Hightower notes that today's student body represents a far greater range of ages and cultures than in 1972. "As a teacher, I find that the quality of discussions are much richer because they reflect a wider range of cultural viewpoints that go beyond a purely U.S.-centric view," notes Hightower. "Today's students have a more pragmatic perspective. They don't merely focus on the theory of the case, and they tend to promote more global considerations." Because his students demand substantial real-world relevance alongside theory, Hightower's academic work focuses on issues of leadership and global management from the general manager's perspective.
Hightower credits his career in the Army, where he attained the rank of major at age 27, with teaching him the nuances of leadership. "As MBAs, we tend to become quite enamored with the processes of planning, analyzing, and making financial projections," he observes. "But in the final analysis, none of that can happen if you don't have the right people. As an officer, I had to know how to get things done through others by selecting them properly, trusting them, allowing them to do what they were best at, and providing the correct amount of push and pull," Hightower asserts.
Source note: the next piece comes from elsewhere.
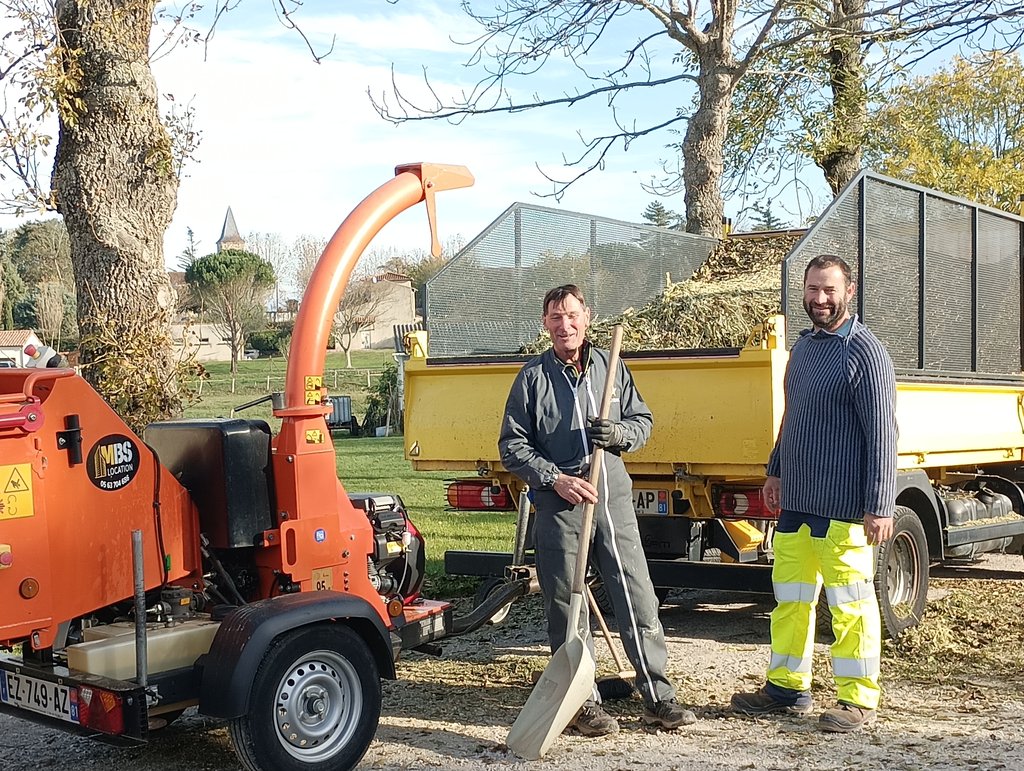 Votre Communauté de Communes avait organisé une session de broyage de déchets verts et c'est entre 2 et 3 tonnes de branches et feuilles qui ont été transformées en copeaux en trois heures !

He put those lessons to work after leaving the military and earning his MBA when he em-barked on a business career that included stints as a McKinsey consultant, a general manager at GE, president of Disney's Europe/Middle East/Africa consumer products division, and president of Disney's global television and telecommunications businesses.
Noting that compared with his generation, today's MBA students have a better sense of balance when juggling work, family, and community service, Hightower counsels them to remain attuned to their individual abilities and limitations when making career choices. "I have my own definition of success that is internally driven and has the support of my family," he says proudly. Like Barrett and Baldwin, Hightower's path to success has led him straight back to HBS.